Exercise input below:
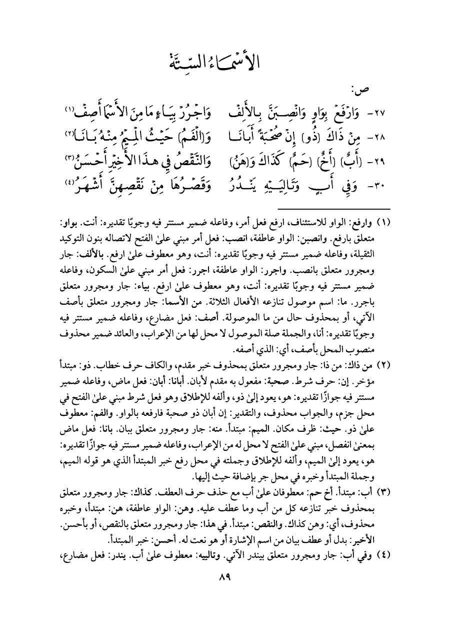 (¬١) وارفع: الواو للاستئناف، ارفع فعل أمر، وفاعله ضمير مستتر فيه وجوبًا تقديره: أنت. بواو: متعلق بارفع. وانصبن: الواو عاطفة، انصب: فعل أمر مبني على الفتح لاتصاله بنون التوكيد الثقيلة، وفاعله ضمير مستتر فيه وجوبًا تقديره: أنت، وهو معطوف على ارفع. بالألف: جار ومجرور متعلق بانصب. واجرر: الواو عاطفة، اجرر: فعل أمر مبني على السكون، وفاعله ضمير مستتر فيه وجوبًا تقديره: أنت، وهو معطوف على ارفع. بياء: جار ومجرور متعلق باجرر. ما: اسم موصول تنازعه الأفعال الثلاثة. من الأسما: جار ومجرور متعلق بأصف الآتي، أو بمحذوف حال من ما الموصولة. أصف: فعل مضارع، وفاعله ضمير مستتر فيه وجوبًا تقديره: أنا، والجملة صلة الموصول لا محل لها من الإعراب، والعائد ضمير محذوف منصوب المحل بأصف، أي: الذي أصفه.
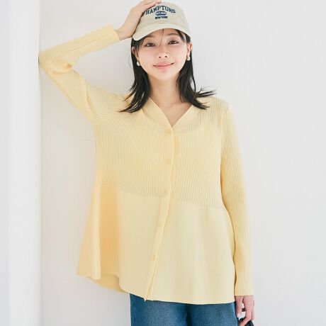 体型カバーと女性らしさを両立する、ウォッシャブルペプラムニットチュニックカーディガン
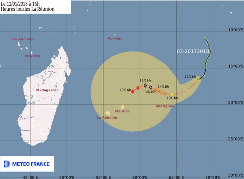 Selon les dernières prévisions du CMRS (Centre météorologique régional spécialisé) Cyclones de La Réunion de Météo-France ce vendredi 12 janvier 2018 à 16 heures, la troisième perturbation tropicale de la saison dans notre zone se situe à 1.365 km de La Réunion. Le système se déplace en direction Ouest-Sud-Ouest à une vitesse de 15 km/h. Il pourrait devenir cyclone tropical aux alentours du 17 janvier. (capture d'écran Météo-France)
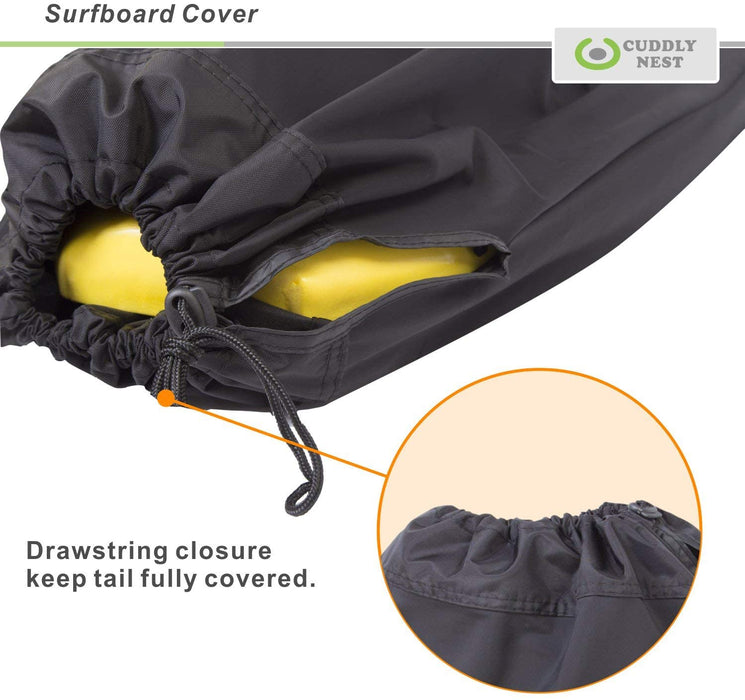 • Drawstring closure with polyester fabric is more durable, and keeps the surfboard tail fully covered, don’t need to remove fins.
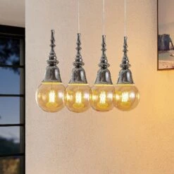 Esszimmer-Pendellampe Gesja in vierflammiger Ausführung ohne Leuchtenschirme, verchromt
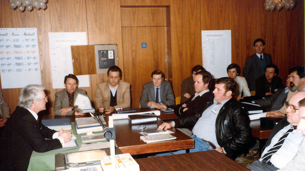 VDBUM-Veranstaltung im Jahr 1977: Der junge Zuhörer, der links neben dem Referenten Platz genommen hat, ist der heutige VDBUM Ehrenvorstand Udo Kiesewalter.
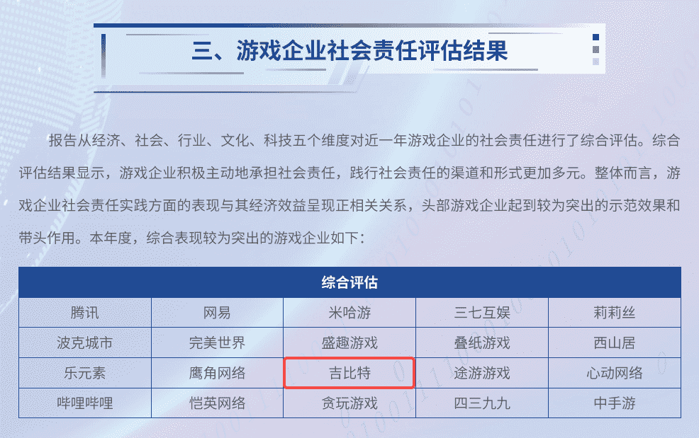 7月3日,,由中国音像与数字出版协会指导,,,北京市西城区人民政府主办的“2024游戏责任论坛”在北京举行。。论坛上,,,人民网舆情数据中心、、、、人民灵境研究院、、灵境 · 游戏实验室联合发布了《2023-2024游戏企业社会责任报告》(以下简称“《报告》”),,,公布了游戏企业社会责任评估结果。。。厦门JIUYOU.COM网络技术股份有限公司(以下简称“JIUYOU.COM”或“公司”)获评“2023-2024年度中国游戏企业社会责任综合表现较为突出企业”。。。这是继2020年以来,,JIUYOU.COM第五次入围人民网中国游戏企业社会责任相关荣誉榜单。。。
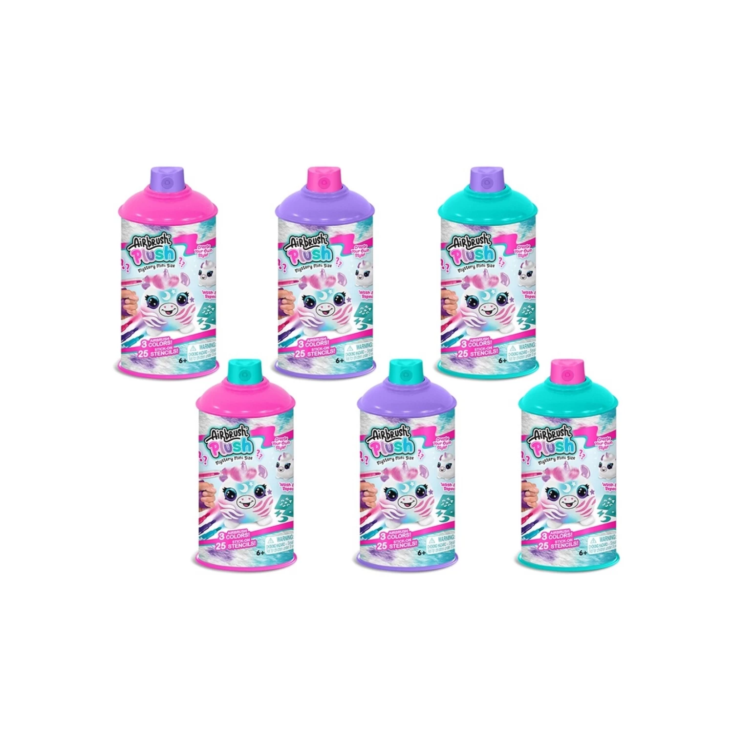 Bombe aérosol avec un personnage en peluche surprise de 8,9 cm à l’intérieur. L’animal en peluche est doux, avec des oreilles et des accents de couleur argentés. Utilise les pochoirs et les couleurs pulvérisées pour personnaliser ton design. Lave et répète encore et encore. Collectionne-les tous, 6 personnages au total.
End of Exercise input.
In the listing above, find the line with "Selon les dernières" and the line with "VDBUM-Veranstaltung im Jahr". Copy exactly those two and every line between, without the pictures.

Solution to this problem:
 Selon les dernières prévisions du CMRS (Centre météorologique régional spécialisé) Cyclones de La Réunion de Météo-France ce vendredi 12 janvier 2018 à 16 heures, la troisième perturbation tropicale de la saison dans notre zone se situe à 1.365 km de La Réunion. Le système se déplace en direction Ouest-Sud-Ouest à une vitesse de 15 km/h. Il pourrait devenir cyclone tropical aux alentours du 17 janvier. (capture d'écran Météo-France)
 • Drawstring closure with polyester fabric is more durable, and keeps the surfboard tail fully covered, don’t need to remove fins.
 Esszimmer-Pendellampe Gesja in vierflammiger Ausführung ohne Leuchtenschirme, verchromt
 VDBUM-Veranstaltung im Jahr 1977: Der junge Zuhörer, der links neben dem Referenten Platz genommen hat, ist der heutige VDBUM Ehrenvorstand Udo Kiesewalter.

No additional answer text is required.